A bright spot came a couple of years later, on May 21, 2019, when Mr. Averett proposed on the back patio of the cafe where they had their first date. A few months later, the couple moved to Silver Spring, Md. Ms. Seals is now a labor and delivery nurse at George Washington University Hospital. Mr. Averett is finishing his third year at Georgetown University Law Center.

“I wanted to be a police officer because my mom had done it,” he said, but, “I’ve always wanted to go to law school.”

Their wedding on Jan. 8 took place at Padua Hills Theatre in Claremont, Calif. At the ceremony, which was held in an outdoor gazebo, Douglas Raguso-Hove, Mr. Averett’s former sergeant who was ordained by the Universal Life Church, officiated before about 125 vaccinated guests.

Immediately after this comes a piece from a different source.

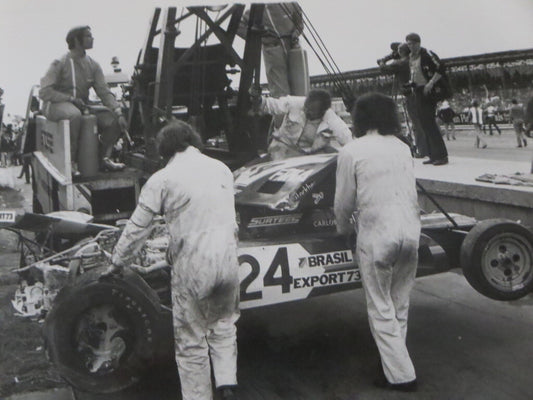 Vintage 1973 British Grand Prix Racing Photograph Photo - Carlos Pace Car Wreck

The indoor reception that followed included a fog machine, a smoke machine and glow sticks and headbands handed out by the D.J. — accessories the couple happened to be wearing for their impromptu cutting of the cake.

“When we set out planning, my one goal for our wedding was, ‘Let’s have a party,’” Ms. Seals said. “After dinner it was like, ‘Now it’s a party.’”

For Mr. Averett, the celebration had been a long time coming. He had been certain he wanted to marry Ms. Seals since late 2018, when Mr. Raguso-Hove had asked him if he thought he could live without her, and, he said, “I knew the answer was no.”